Martin: Maybe this is a bit of overkill. But I understand the use case
better, thanks.
Michael: TCP can be up even if application can not process. Not know too
much about YANG - the request here are a lot of implementation specific
values. Continuous monitoring seems difficult on a generic standard.
Jeffrey: This is a giant list to work trough. This is not to implement
tcpdump on yang. Snapshot live state on each packet is not the goal.
Many things may cause this to happen. Majority is bugs or unusual
circumstances. In BGP case, client is waiting to get out of this
situation. Challenge is how to troubleshoot the situation.
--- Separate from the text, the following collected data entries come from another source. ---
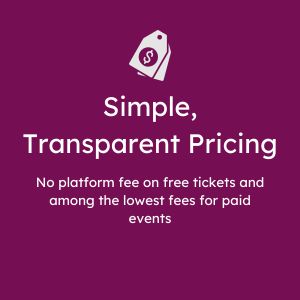 ✔ Platform fee: 1% + $0.55 per paid ticket
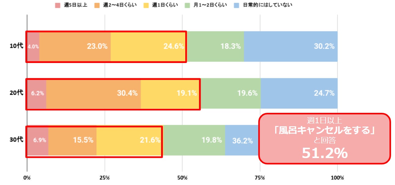 本当に疲れているときだけ!など、不定期で風呂キャンセルをする方が多いのかと思いきや、「週1日以上風呂キャンセルをする」と習慣化している方が全体の半数以上いることが判明しました。
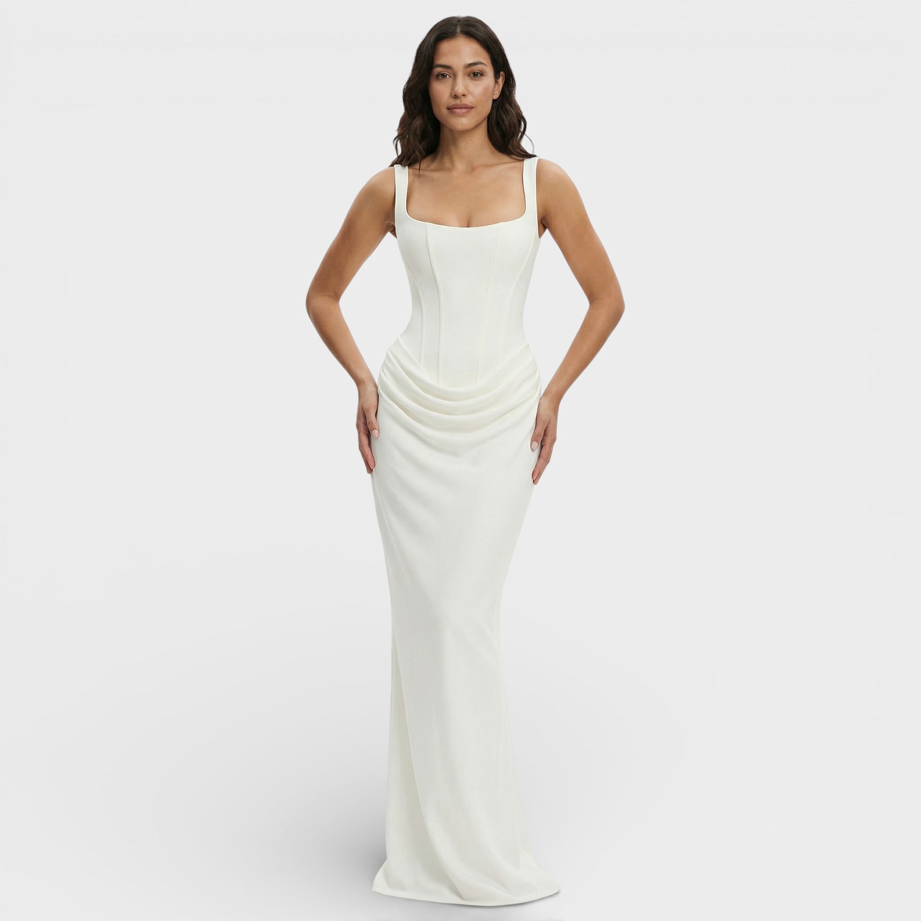 Este vestido largo para mujer combina una silueta estilizada con detalles modernos que realzan la figura de forma elegante. Su diseño sin mangas con cuello cuadrado y espalda descubierta aporta un equilibrio perfecto entre sofisticación y atractivo, ideal para eventos nocturnos, fiestas o looks de invitada con un aire más atrevido. El tejido acanalado se adapta suavemente al cuerpo, creando una presencia refinada y actual.
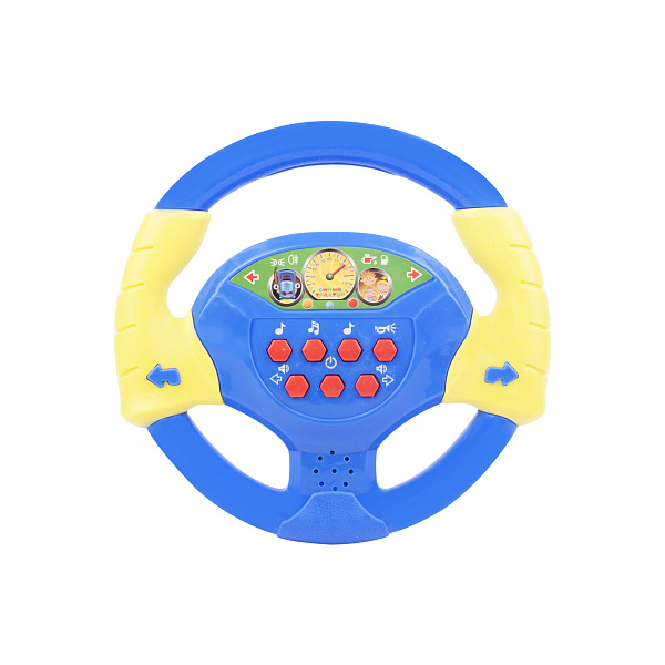 Игрушка изготовлена из прочного пластика, устойчивого к падению. Руль мигает цветными лампочками и издаёт 20 разных звуков автомобильной тематики. Управление производится при помощи кнопок. Сами кнопки крупные, мягкие, нажимаются отлично. Руль обладает регулировкой громкости. Верхний ряд кнопок на руле позволяет включить звуковые эффекты. Крайняя правая кнопка включает один из 14 звуков на выбор: сигнализация, сирена, клаксон, торможение и прочие.
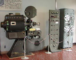 入館してすぐの1階ホールには近藤勇の生家を再現した模型と、大映から寄贈された昔の映写機が置かれている。
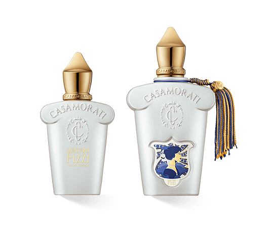 Der Flakon von Quattro Pizzi präsentiert sich im eleganten Art-Déco-Stil, der typisch für die Casamorati-Kollektion ist. Mit seinem weissen Design und den goldenen Akzenten symbolisiert er die Reinheit und den Luxus des Duftes. Die buchähnliche Verpackung mit kunstvollem Cover unterstreicht die Exklusivität und den historischen Bezug des Parfums.
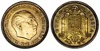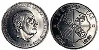 26.50 | 8,50 g | la valeur faciale 25 PTAS à côté des grandes armoiries de l'Espagne franquiste sur un aigle | ||||
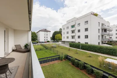 Jede Wohnung verfügt über eine Freifläche wie Garten und/oder Terrasse bzw. Balkon. Zudem ist jeder Einheit ein Tiefgaragenplatz zugewiesen.
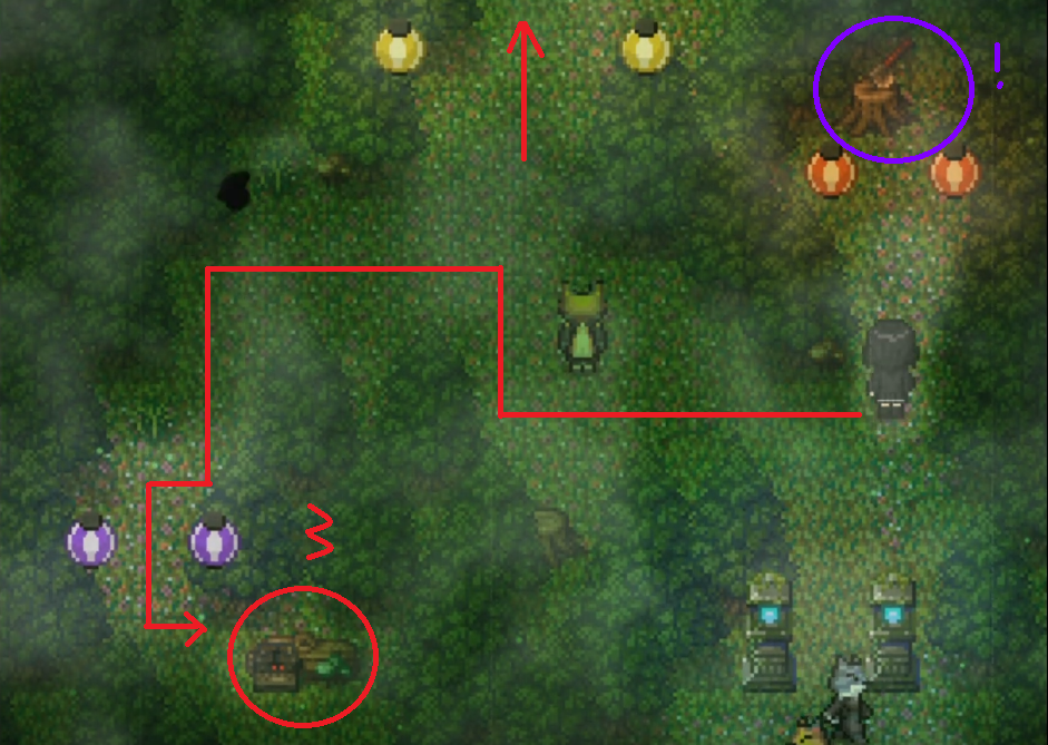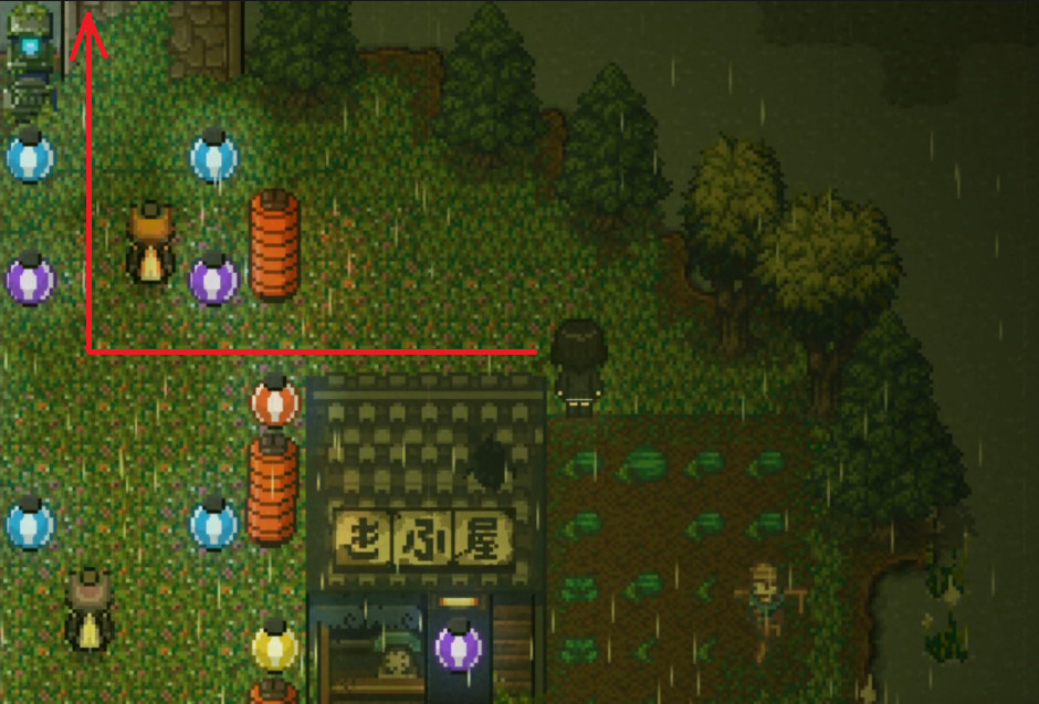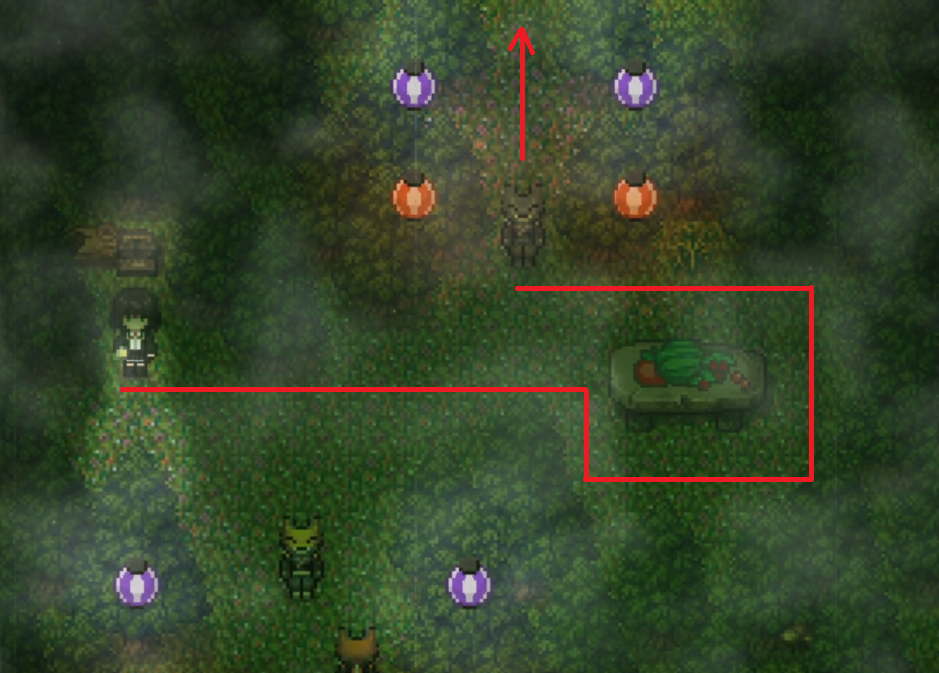Once entering the area, a scene plays out with Kihara, Kiritani and the deer. After the scene, speak to the deer and he will tell you to give him Sunshower Rainwater in exchange he will show you a way to get to Kuromori Town, the deer will also tell you about the God that the town worshipped. He hints that the last time that there was Sunshower foxes got married, and that it was near the school. There is nothing more to do currently, so head upwards.
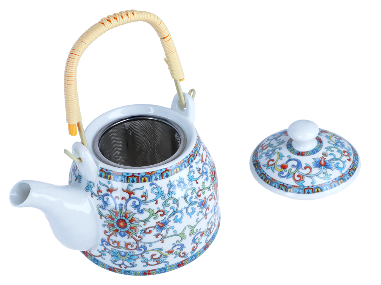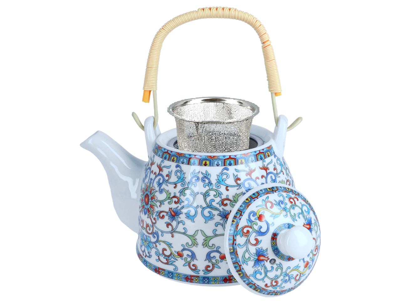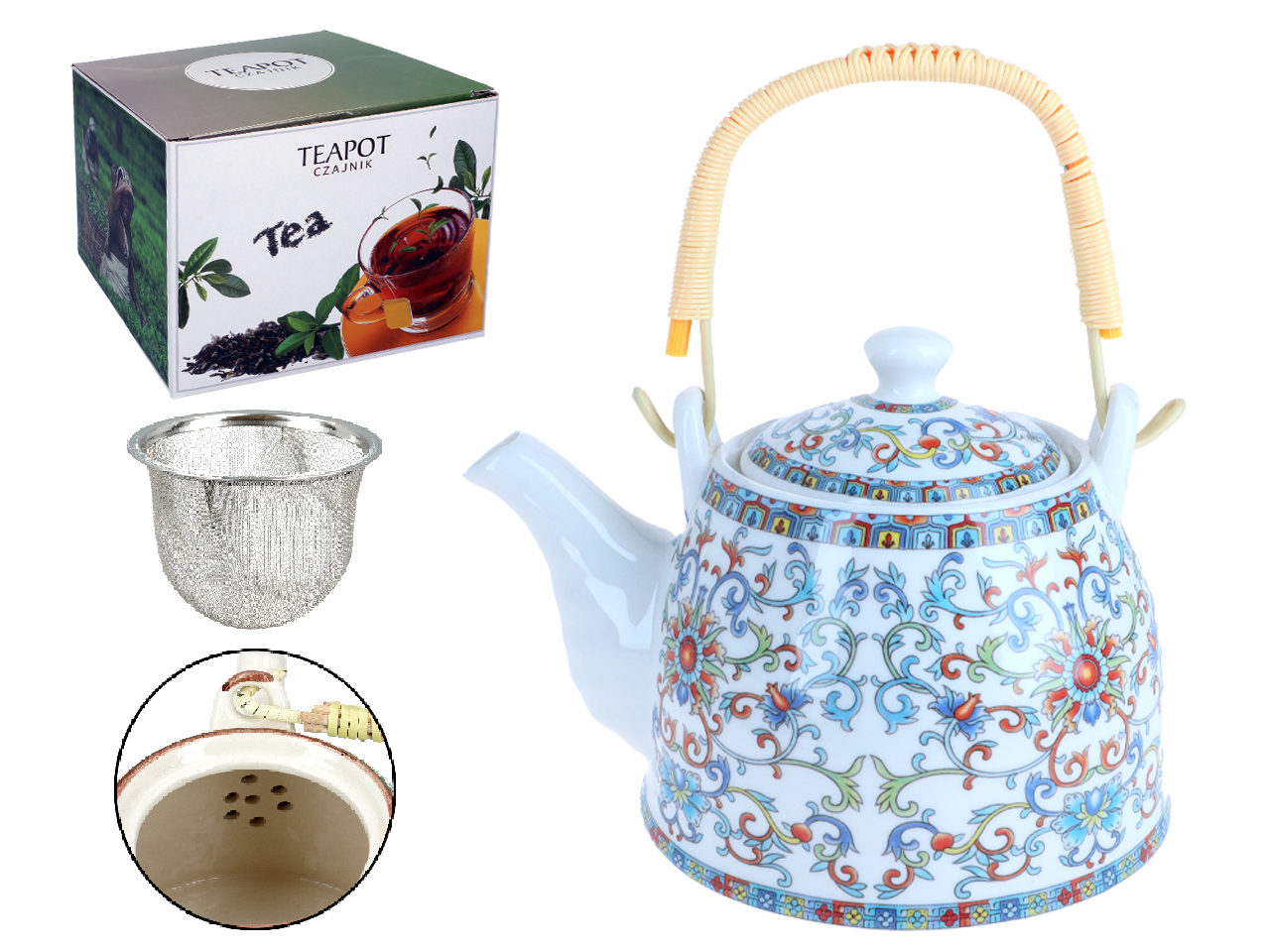Gustowny, ceramiczny czajnik z metalowym zaparzaczem. Dostępny w kilku atrakcyjnych wzorach i kolorach. Ceramiczny czajnik utrzymuje temperaturę zaparzonej herbaty na długo.
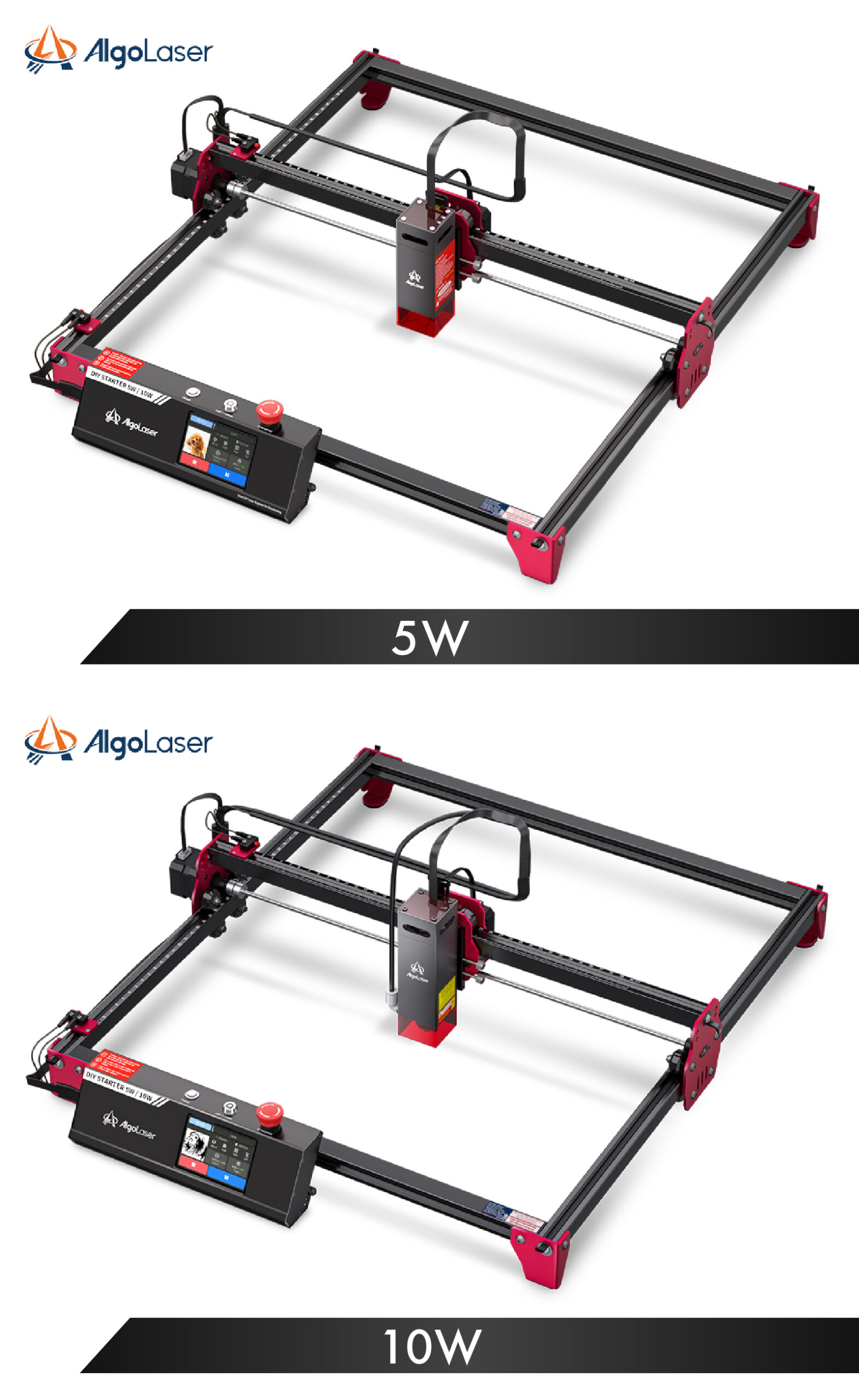 初心者でも扱いやすい低出力の5Wと、より高度でスピーディーな彫刻やカットが行える10Wの2タイプをご用意していす。用途に合わせてお選びください。
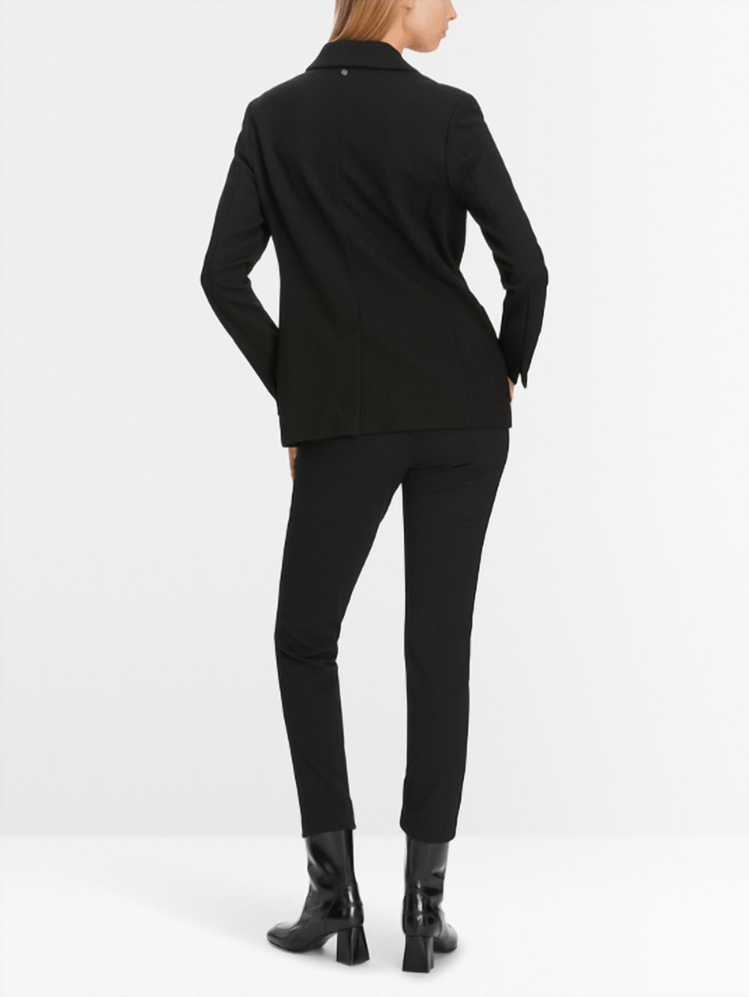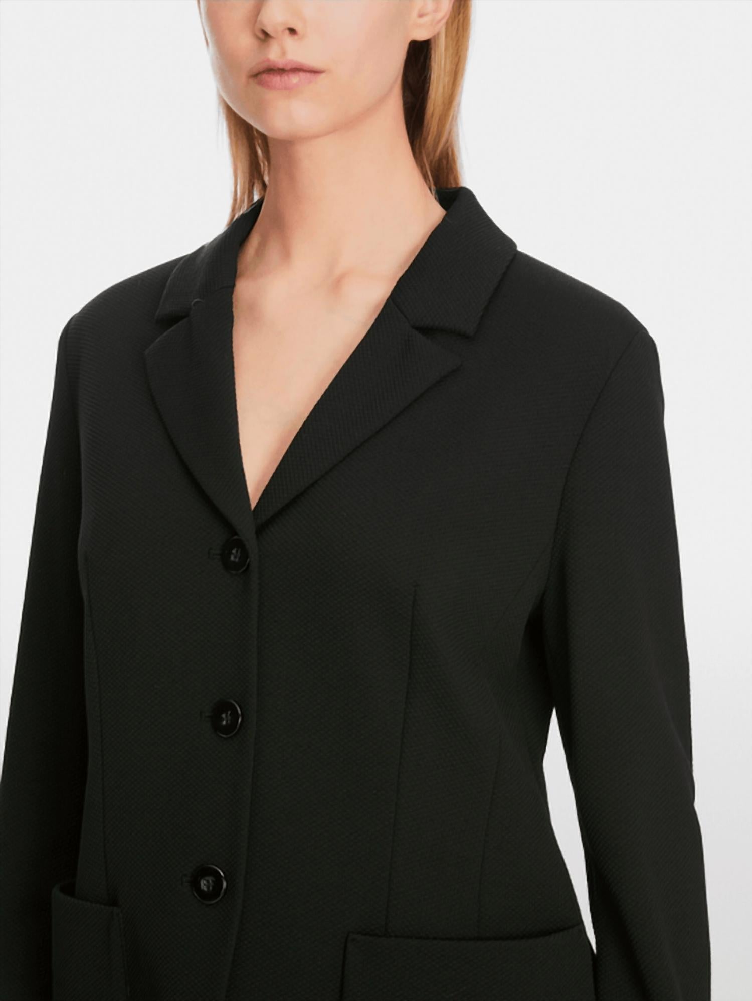 This timeless blazer is crafted from a soft, textured fabric blend with added stretch for comfort and ease. Designed in a single-breasted style with short lapels and a three-button fastening, it features Viennese seams and darts that create a flattering, figure-hugging silhouette. Finishing touches include two patch pockets and refined slit sleeves, making it a versatile piece that never goes out of style. Made with a composition of 93% polyamide and 7% elastane, sleeve lining of 100% polyester, and back lining of 94% cupro and 6% elastane.

For
troubleshooting BGP remotely, need status of session. Zero window is a
common thing. If I see this for a longer period, I can take action. Most
of this is available via CLI, this is to make this more manageable. This
all are not unusual things.
Mahesh: Trying to keep track of live state doesn't make sense as a
replacement to tcpdump. Stuck connections, zero window would be helpful
though, good to have in the model.
Gyan: Exactly, getting a report to act on it would be great. Eg. reset
the session.
Martin: BGP comm is using the YANG - doing more work for them is fine. A
principle is not to do all TCP in to the YANG model, as the MIB
experience was terrible. Try to have a small as possible YANG model,
which relates to actionable stuff.
Jeffrey: Don't disagree. Choice to do enough of the work once in the
TCPM WG, or risk missing a important thing, and forking all vendors to
proprietary models.

Gorry: Flexibility here is not a good thing. One ACK per 100 is not a
big value. Why go to a 1000 even on big links.
Carles: Wonder how to make a good future proof trade off here.
Bob: Format of this is very close to AckCC draft we already have. Maybe
we have converged on something we already have. That gives you 256 as
your number. Perhaps see if there are things in that draft that preclude
your use case.
Carles: Please sent the info for the draft.
Yoshi: Use previous style and use reserved bit for big value. Then, you
can save 1 bytes in option space.
Michael: They are all even length.
Richard: Do we need the high length really? Padding is done, but could
be omitted to pack more different options.
Jonathan: Question, if value of R is harmful.
Michael: Clarification: Was a student project to get this in to FreeBSD
stack.